» **Records supplied**
# # #

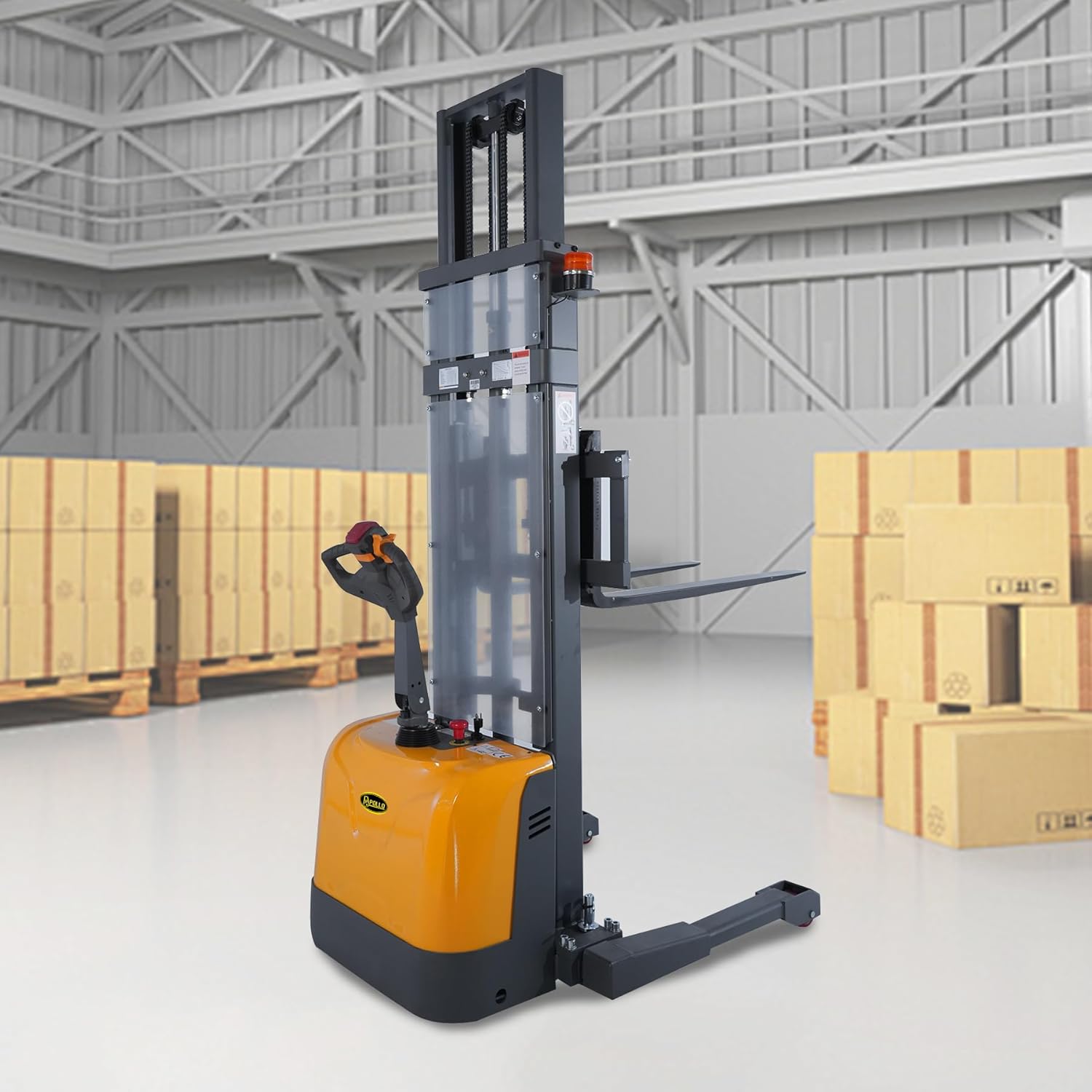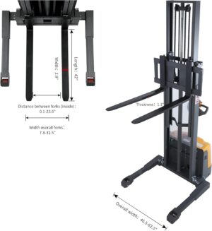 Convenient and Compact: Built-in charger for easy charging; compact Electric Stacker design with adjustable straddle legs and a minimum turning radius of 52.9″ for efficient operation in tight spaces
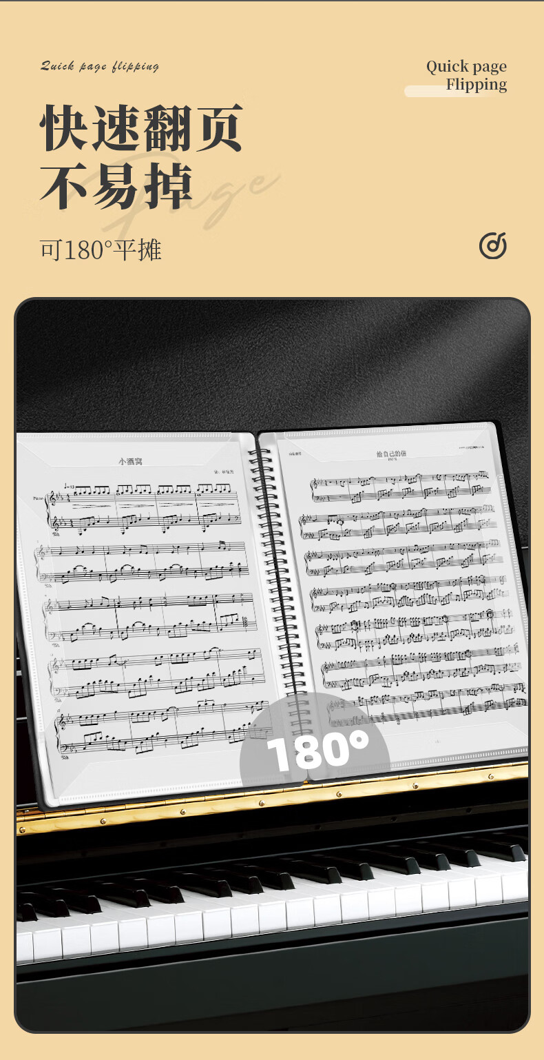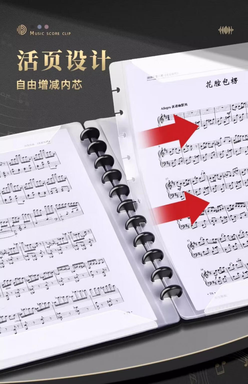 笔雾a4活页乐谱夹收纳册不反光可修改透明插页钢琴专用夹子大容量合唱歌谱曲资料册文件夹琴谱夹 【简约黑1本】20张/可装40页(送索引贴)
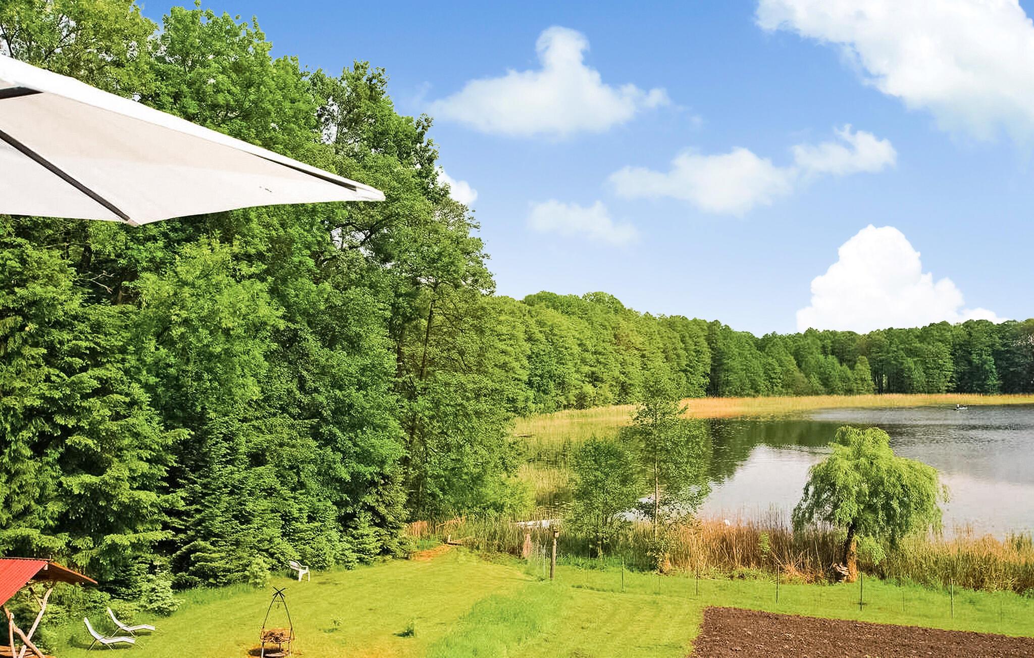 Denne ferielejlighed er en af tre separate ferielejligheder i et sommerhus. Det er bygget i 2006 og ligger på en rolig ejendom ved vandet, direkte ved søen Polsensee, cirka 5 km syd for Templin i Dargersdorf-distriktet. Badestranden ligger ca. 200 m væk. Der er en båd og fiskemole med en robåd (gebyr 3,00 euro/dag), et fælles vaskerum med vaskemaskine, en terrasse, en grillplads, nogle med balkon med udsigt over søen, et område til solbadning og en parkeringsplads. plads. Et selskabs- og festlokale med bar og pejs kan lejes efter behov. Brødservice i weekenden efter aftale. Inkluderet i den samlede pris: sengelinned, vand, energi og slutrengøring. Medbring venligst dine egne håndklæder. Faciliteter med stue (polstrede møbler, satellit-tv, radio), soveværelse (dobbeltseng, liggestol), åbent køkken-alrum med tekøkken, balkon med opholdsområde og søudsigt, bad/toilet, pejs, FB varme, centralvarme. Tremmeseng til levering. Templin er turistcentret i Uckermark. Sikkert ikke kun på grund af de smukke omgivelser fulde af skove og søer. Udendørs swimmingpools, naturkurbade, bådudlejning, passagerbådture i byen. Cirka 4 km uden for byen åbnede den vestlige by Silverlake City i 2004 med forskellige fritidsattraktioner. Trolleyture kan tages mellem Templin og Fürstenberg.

# # #

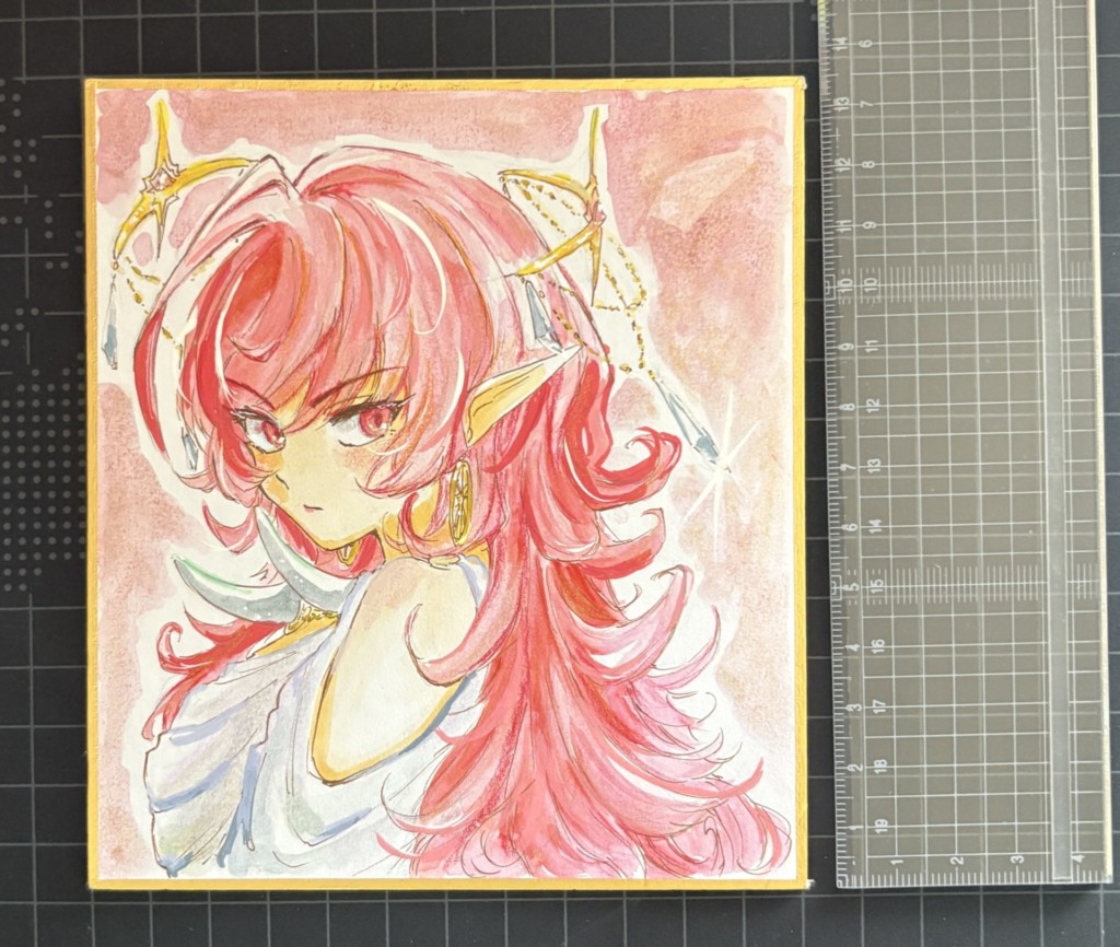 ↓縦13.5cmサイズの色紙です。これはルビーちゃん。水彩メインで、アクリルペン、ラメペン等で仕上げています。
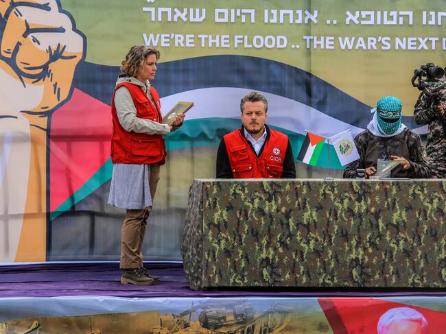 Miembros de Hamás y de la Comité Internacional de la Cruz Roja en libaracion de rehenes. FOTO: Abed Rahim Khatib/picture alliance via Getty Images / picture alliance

# # #

» **Aim of the exercise**
Find the line with "Convenient and Compact: Built-in" and the line with "笔雾a4活页乐谱夹收纳册不反" in the records above. Copy both and all lines between them exactly, without pictures.

» **Written response**
 Convenient and Compact: Built-in charger for easy charging; compact Electric Stacker design with adjustable straddle legs and a minimum turning radius of 52.9″ for efficient operation in tight spaces
 笔雾a4活页乐谱夹收纳册不反光可修改透明插页钢琴专用夹子大容量合唱歌谱曲资料册文件夹琴谱夹 【简约黑1本】20张/可装40页(送索引贴)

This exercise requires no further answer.